● TASK DESCRIPTION
Look below for the line containing "Фоторамка Prisma станет" and the line containing "ツヤのあるダークグリーンの片", then set down both and every line between them exactly, without pictures.

START EXTRACTED RECORDS

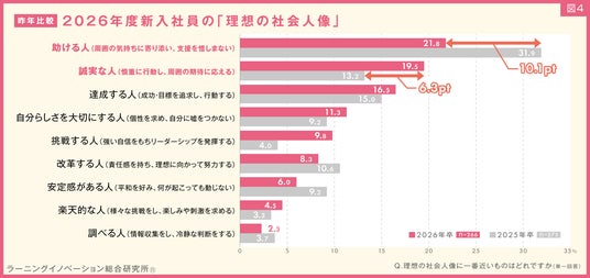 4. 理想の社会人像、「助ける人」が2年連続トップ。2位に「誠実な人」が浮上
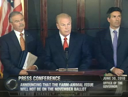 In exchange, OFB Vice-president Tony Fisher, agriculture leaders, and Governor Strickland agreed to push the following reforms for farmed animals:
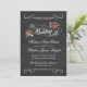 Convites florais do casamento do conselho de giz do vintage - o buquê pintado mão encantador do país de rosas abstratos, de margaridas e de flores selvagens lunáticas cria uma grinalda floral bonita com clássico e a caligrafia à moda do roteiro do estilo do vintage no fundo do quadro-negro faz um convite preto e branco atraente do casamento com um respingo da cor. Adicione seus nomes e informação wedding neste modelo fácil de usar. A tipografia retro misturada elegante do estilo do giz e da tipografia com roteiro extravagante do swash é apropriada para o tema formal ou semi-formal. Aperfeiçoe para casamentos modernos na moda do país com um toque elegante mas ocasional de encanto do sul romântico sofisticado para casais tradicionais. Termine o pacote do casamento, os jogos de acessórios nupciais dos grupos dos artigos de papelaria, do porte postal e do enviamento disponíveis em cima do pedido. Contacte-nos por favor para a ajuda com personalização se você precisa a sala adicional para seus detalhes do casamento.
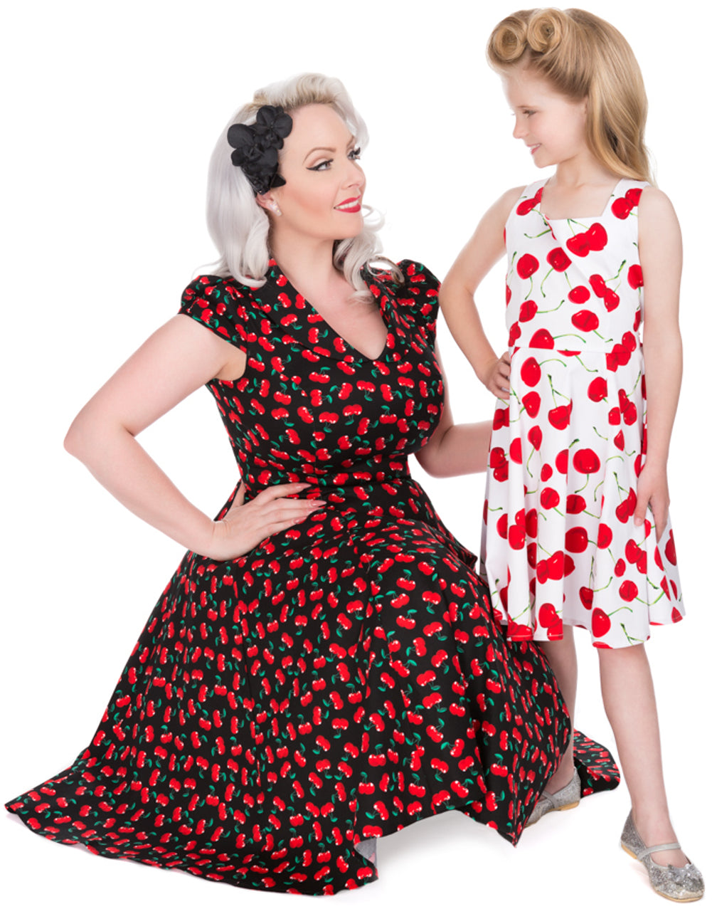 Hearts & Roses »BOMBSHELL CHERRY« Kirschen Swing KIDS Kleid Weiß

END EXTRACTED RECORDS
START EXTRACTED RECORDS

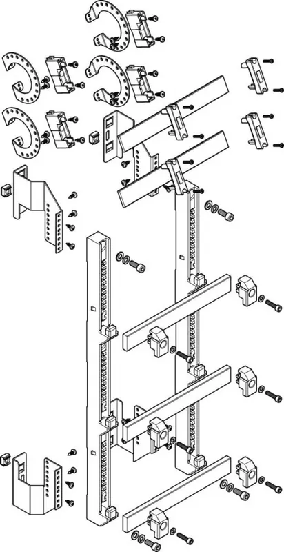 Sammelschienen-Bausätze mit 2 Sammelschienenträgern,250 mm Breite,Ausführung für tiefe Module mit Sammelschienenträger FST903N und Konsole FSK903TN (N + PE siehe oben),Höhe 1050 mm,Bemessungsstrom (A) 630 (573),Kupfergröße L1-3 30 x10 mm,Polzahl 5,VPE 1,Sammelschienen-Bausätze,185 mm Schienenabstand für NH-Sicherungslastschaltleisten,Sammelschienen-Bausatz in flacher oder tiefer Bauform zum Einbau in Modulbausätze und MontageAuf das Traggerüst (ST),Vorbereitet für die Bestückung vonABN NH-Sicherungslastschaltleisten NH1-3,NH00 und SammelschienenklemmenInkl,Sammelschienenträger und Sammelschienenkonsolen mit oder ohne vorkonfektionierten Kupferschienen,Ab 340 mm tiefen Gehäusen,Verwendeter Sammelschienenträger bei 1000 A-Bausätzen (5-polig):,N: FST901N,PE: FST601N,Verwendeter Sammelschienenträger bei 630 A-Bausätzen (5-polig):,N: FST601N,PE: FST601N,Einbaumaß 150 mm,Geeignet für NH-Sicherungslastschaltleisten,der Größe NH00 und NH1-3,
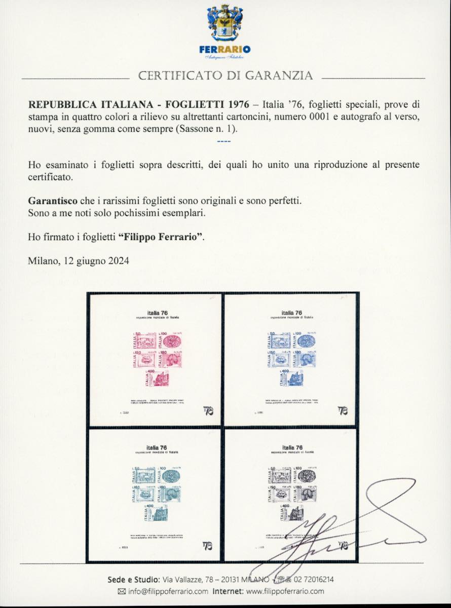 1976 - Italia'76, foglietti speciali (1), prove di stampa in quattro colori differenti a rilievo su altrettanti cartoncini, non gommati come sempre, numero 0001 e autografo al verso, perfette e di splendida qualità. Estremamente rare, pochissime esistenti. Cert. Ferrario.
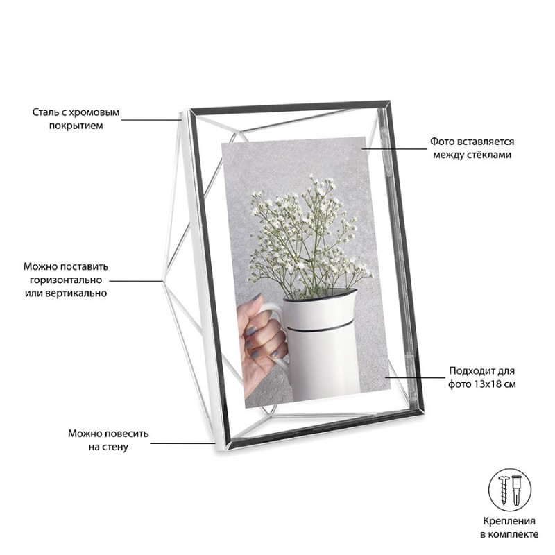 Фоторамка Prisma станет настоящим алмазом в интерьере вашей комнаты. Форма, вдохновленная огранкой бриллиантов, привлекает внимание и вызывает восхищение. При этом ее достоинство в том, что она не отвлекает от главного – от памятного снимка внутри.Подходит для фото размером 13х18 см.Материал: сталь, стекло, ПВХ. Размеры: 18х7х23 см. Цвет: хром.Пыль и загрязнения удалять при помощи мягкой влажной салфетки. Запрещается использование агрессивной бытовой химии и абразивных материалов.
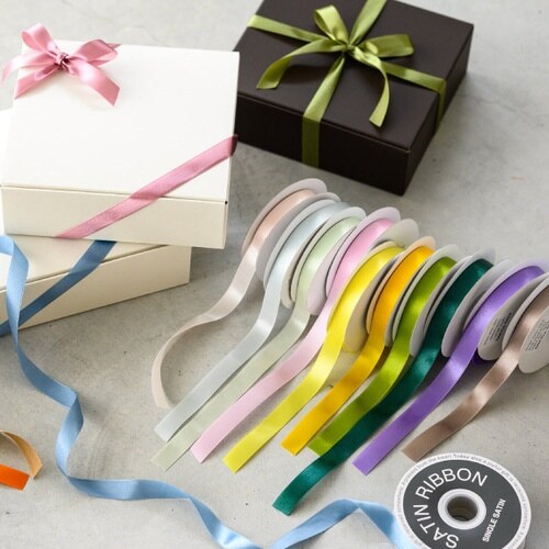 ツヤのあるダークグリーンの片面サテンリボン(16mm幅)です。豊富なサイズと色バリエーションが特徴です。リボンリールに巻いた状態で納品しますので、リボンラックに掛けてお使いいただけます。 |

END EXTRACTED RECORDS
START EXTRACTED RECORDS

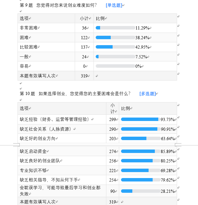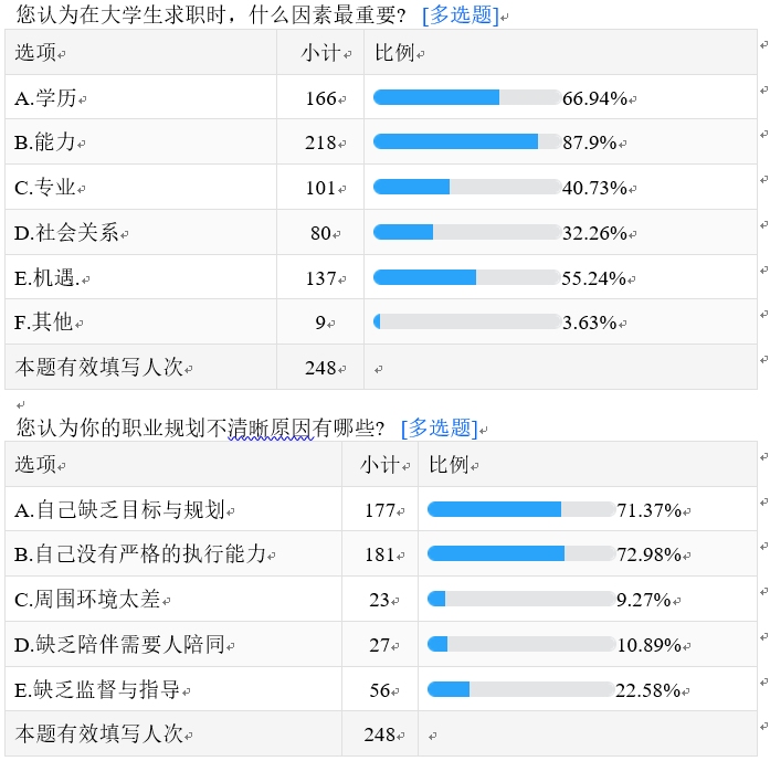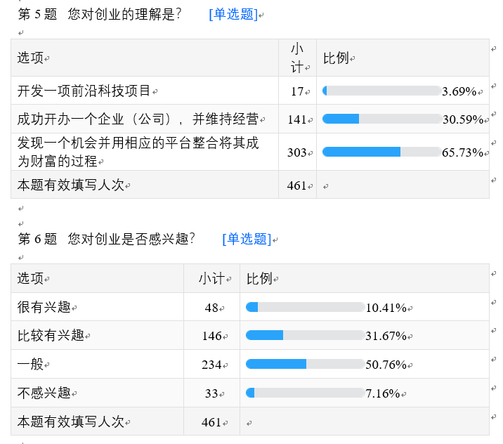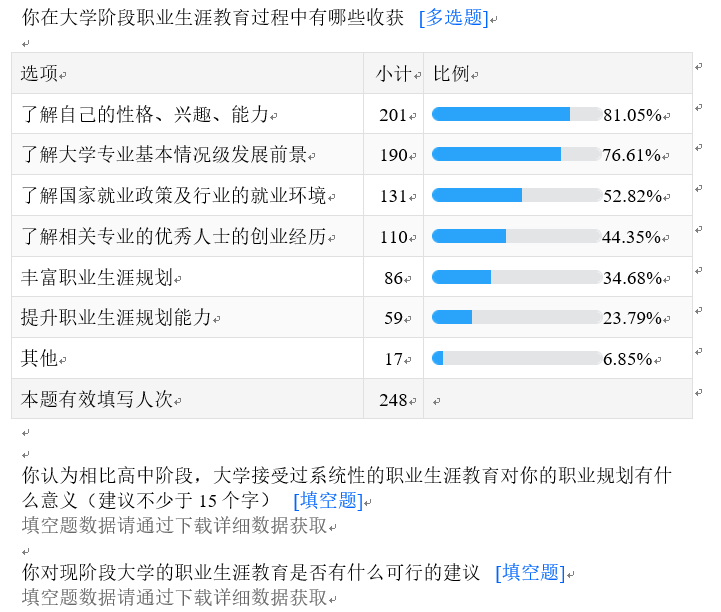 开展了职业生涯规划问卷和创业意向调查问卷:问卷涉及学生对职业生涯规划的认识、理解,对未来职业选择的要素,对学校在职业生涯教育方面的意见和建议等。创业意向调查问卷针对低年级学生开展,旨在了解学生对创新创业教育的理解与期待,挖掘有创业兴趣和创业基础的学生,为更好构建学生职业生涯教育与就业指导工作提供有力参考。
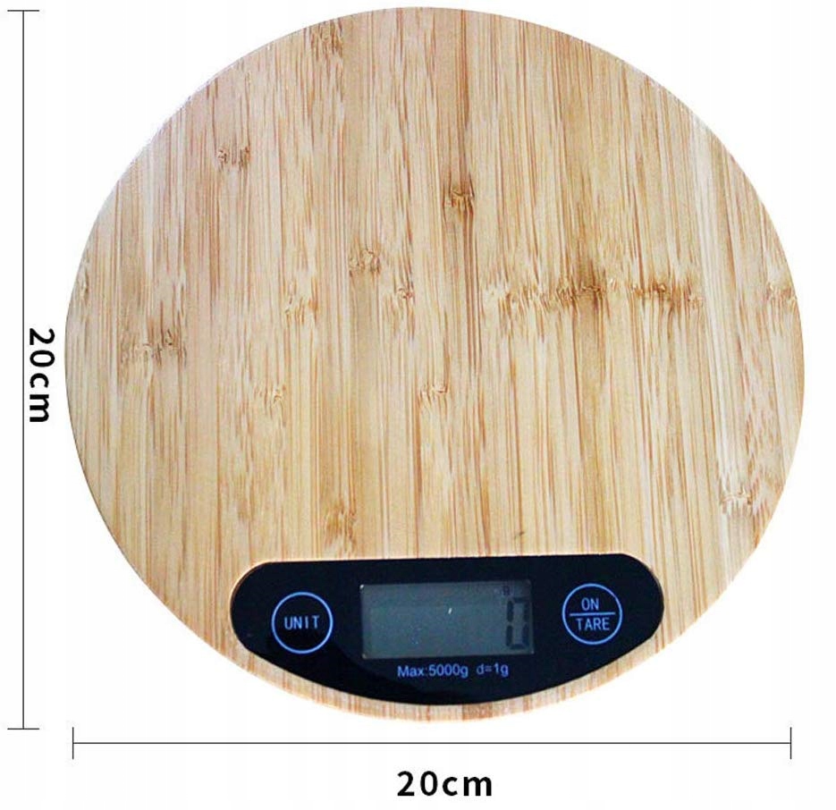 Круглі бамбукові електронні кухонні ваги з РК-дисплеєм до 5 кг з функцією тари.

END EXTRACTED RECORDS

● ANSWER TO THIS EXERCISE
 Фоторамка Prisma станет настоящим алмазом в интерьере вашей комнаты. Форма, вдохновленная огранкой бриллиантов, привлекает внимание и вызывает восхищение. При этом ее достоинство в том, что она не отвлекает от главного – от памятного снимка внутри.Подходит для фото размером 13х18 см.Материал: сталь, стекло, ПВХ. Размеры: 18х7х23 см. Цвет: хром.Пыль и загрязнения удалять при помощи мягкой влажной салфетки. Запрещается использование агрессивной бытовой химии и абразивных материалов.
 ツヤのあるダークグリーンの片面サテンリボン(16mm幅)です。豊富なサイズと色バリエーションが特徴です。リボンリールに巻いた状態で納品しますので、リボンラックに掛けてお使いいただけます。 |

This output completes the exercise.